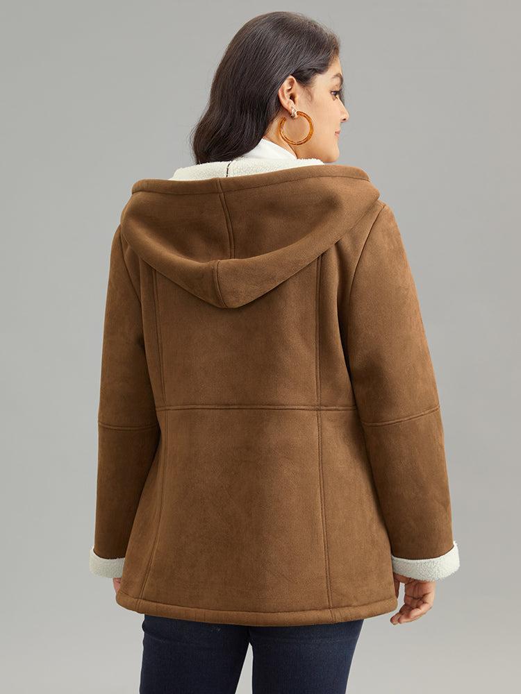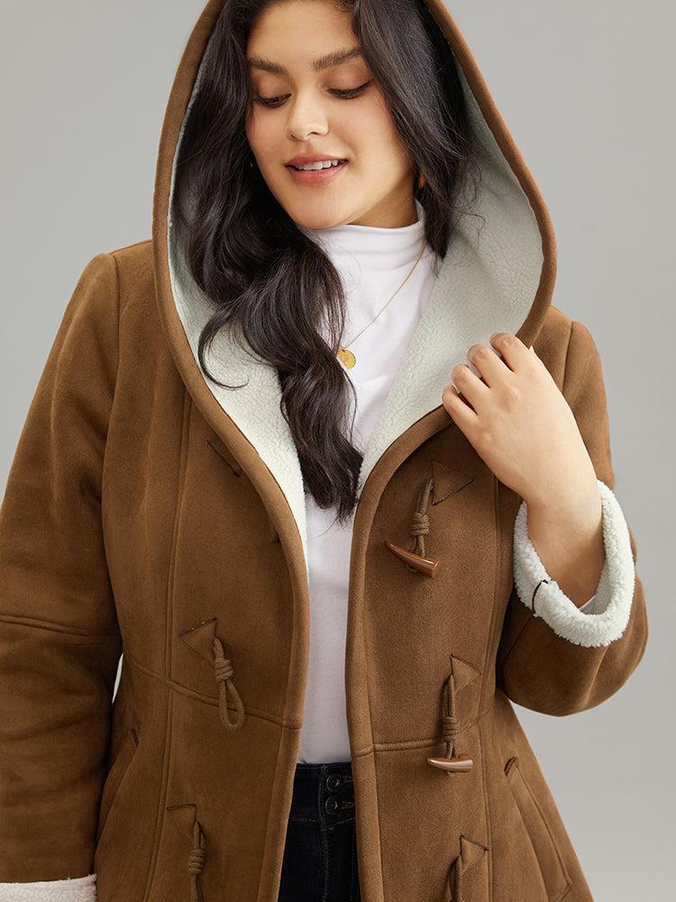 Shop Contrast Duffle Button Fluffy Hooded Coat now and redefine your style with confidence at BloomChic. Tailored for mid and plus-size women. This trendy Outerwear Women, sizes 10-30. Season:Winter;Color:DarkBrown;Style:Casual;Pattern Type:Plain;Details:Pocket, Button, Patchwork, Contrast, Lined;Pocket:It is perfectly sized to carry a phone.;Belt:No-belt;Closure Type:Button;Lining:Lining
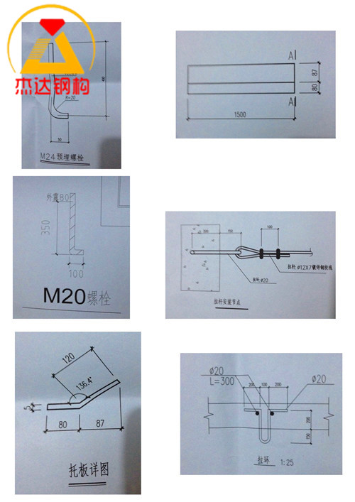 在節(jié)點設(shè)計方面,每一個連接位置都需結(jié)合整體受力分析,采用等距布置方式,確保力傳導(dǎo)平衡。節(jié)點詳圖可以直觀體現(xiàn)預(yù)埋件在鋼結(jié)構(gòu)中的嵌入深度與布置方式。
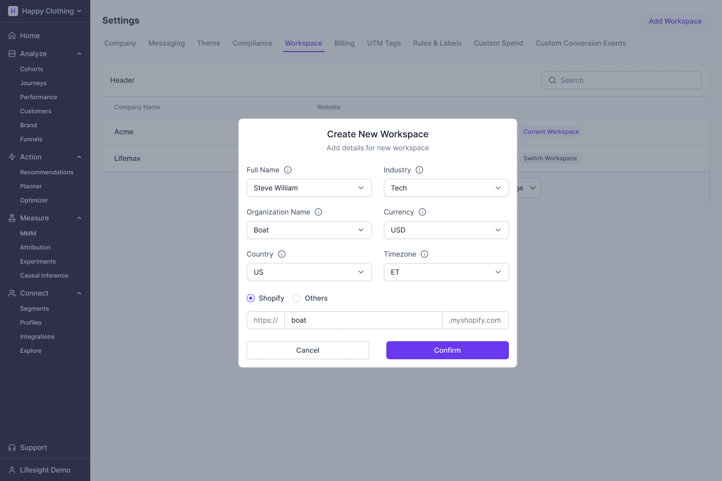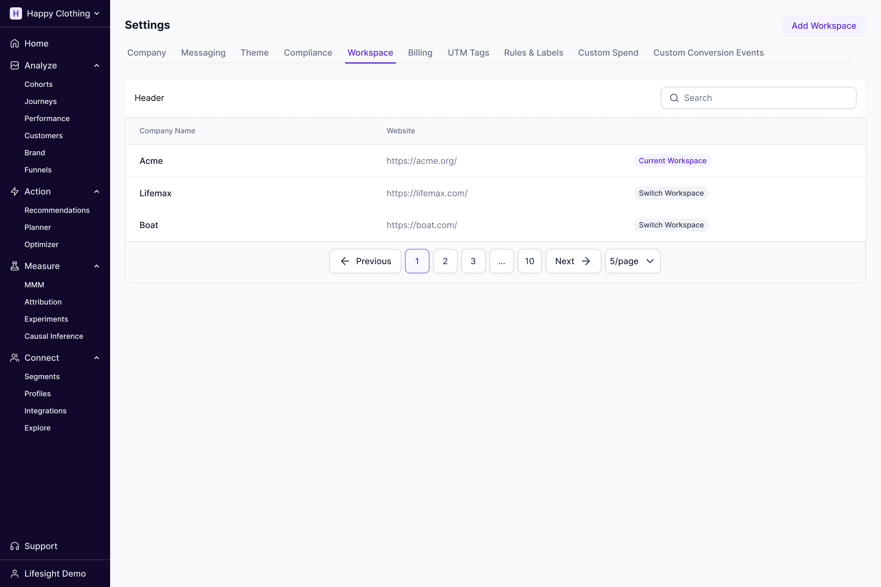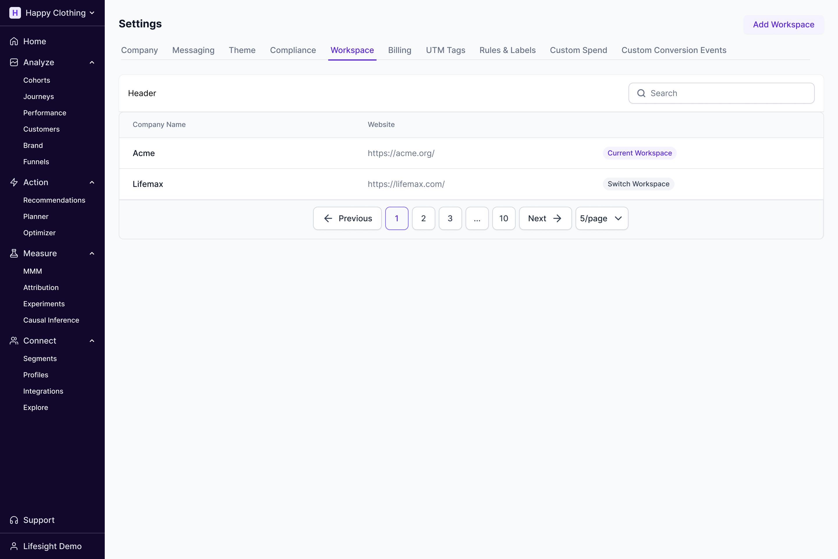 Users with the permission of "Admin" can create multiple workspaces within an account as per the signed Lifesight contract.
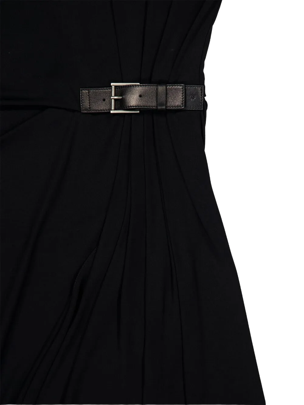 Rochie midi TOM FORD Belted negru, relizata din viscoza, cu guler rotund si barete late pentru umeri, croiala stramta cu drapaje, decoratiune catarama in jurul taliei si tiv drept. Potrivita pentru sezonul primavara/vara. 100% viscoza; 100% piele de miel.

···

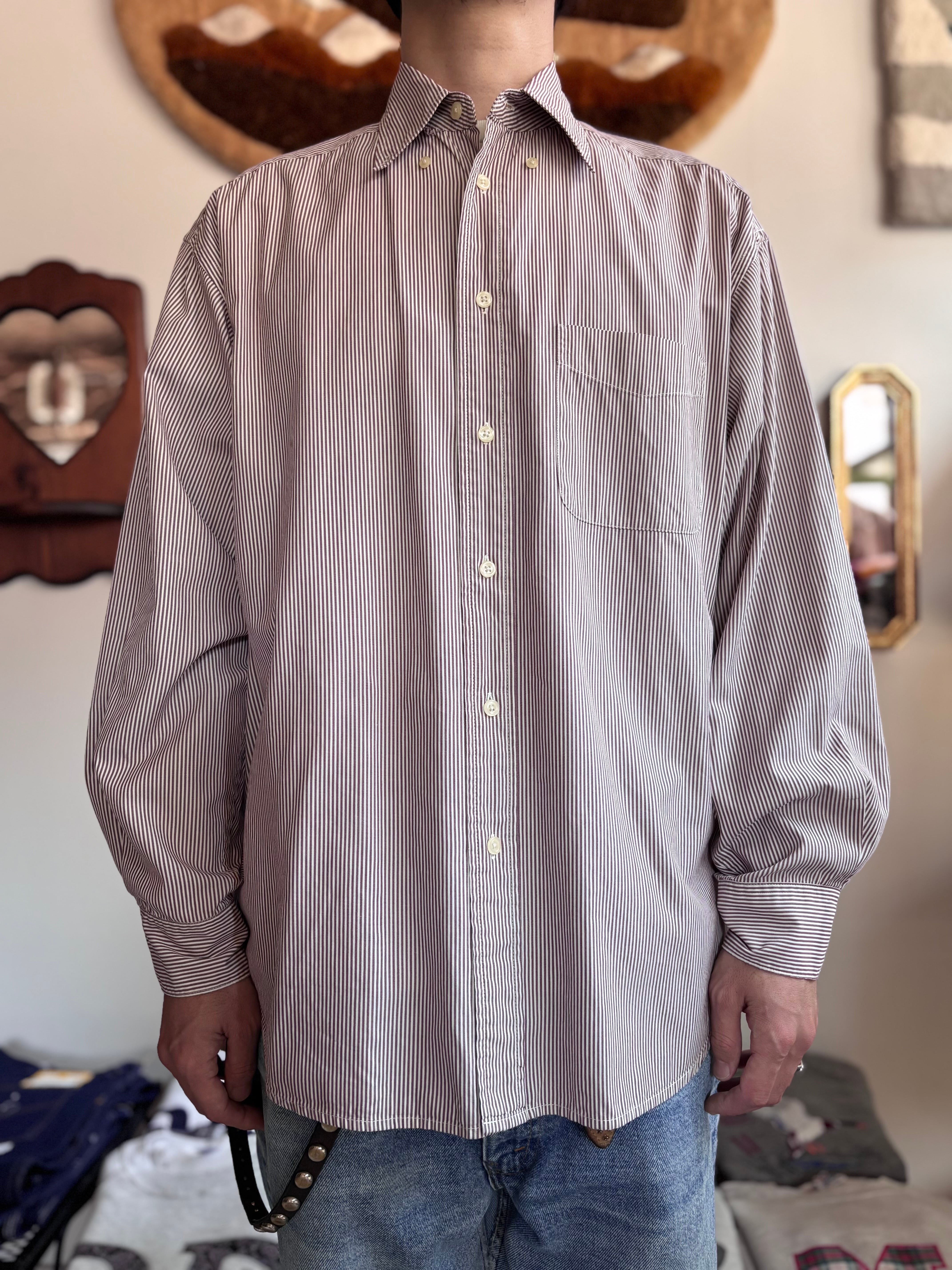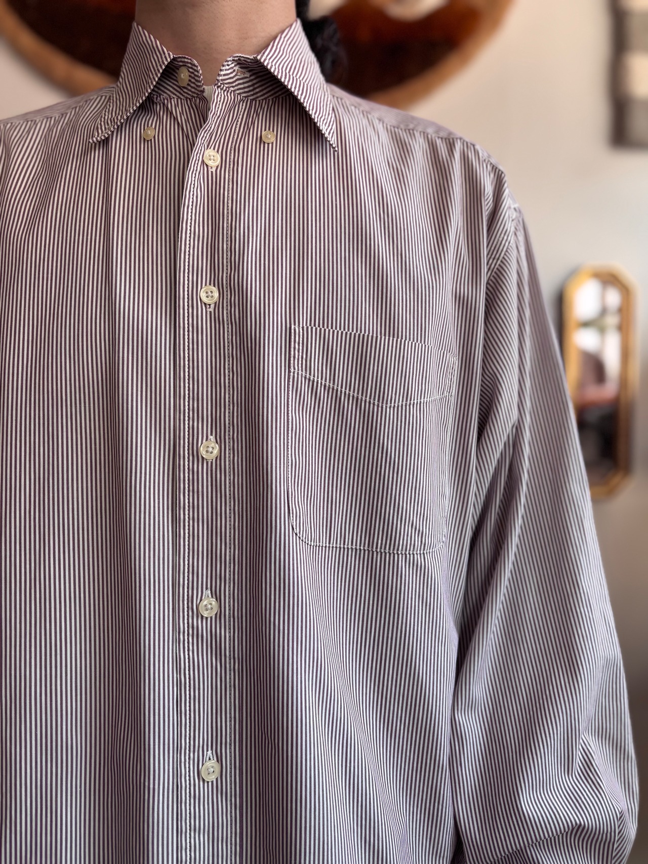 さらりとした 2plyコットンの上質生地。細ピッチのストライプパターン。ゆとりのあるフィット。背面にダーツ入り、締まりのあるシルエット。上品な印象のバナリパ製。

···

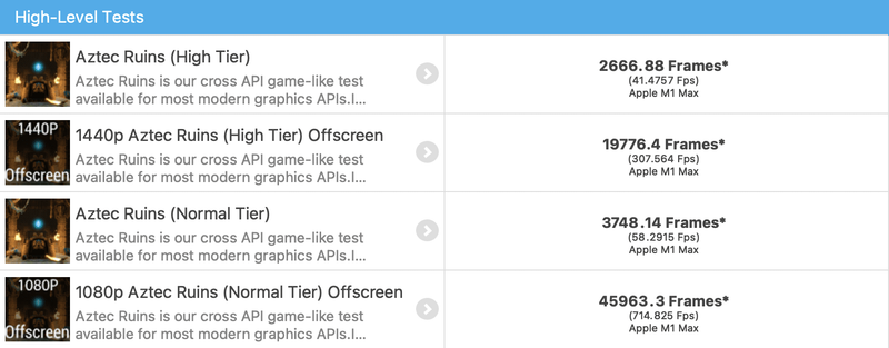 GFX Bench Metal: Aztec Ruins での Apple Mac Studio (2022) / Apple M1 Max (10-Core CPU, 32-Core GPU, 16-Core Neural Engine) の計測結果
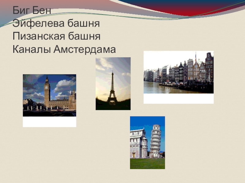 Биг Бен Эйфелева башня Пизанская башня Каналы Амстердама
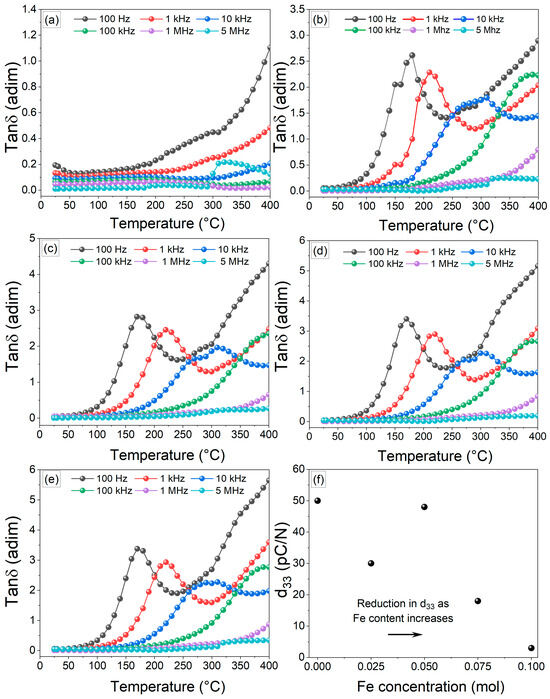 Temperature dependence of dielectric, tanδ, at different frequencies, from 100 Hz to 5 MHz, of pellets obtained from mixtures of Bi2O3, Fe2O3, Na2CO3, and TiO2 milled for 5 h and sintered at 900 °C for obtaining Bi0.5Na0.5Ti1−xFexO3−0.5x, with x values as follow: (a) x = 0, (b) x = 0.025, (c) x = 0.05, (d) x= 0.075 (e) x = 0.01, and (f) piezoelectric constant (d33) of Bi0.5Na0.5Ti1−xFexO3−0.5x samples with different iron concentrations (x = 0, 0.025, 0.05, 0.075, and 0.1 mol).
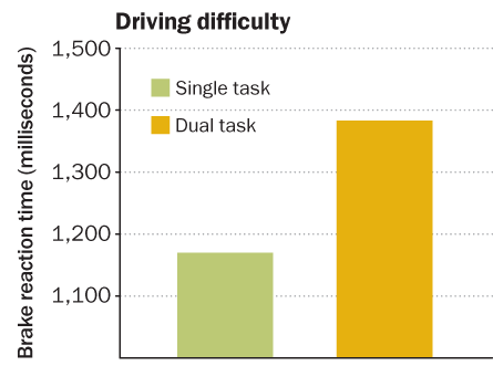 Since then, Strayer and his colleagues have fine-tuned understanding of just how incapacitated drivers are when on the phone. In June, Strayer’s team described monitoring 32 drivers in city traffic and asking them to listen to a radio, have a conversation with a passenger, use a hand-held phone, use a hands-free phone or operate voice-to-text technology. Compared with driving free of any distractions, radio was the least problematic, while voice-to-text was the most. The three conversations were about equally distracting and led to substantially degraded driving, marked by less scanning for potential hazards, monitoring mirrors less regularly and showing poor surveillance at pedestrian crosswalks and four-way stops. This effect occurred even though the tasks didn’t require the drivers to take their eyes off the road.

···

» Exercise details
Look above for the line with "在節(jié)點設(shè)" and the line with "Rochie midi TOM". Copy them and every line between, exactly, but no pictures.

» Completed exercise
 在節(jié)點設(shè)計方面,每一個連接位置都需結(jié)合整體受力分析,采用等距布置方式,確保力傳導(dǎo)平衡。節(jié)點詳圖可以直觀體現(xiàn)預(yù)埋件在鋼結(jié)構(gòu)中的嵌入深度與布置方式。
 Users with the permission of "Admin" can create multiple workspaces within an account as per the signed Lifesight contract.
 Rochie midi TOM FORD Belted negru, relizata din viscoza, cu guler rotund si barete late pentru umeri, croiala stramta cu drapaje, decoratiune catarama in jurul taliei si tiv drept. Potrivita pentru sezonul primavara/vara. 100% viscoza; 100% piele de miel.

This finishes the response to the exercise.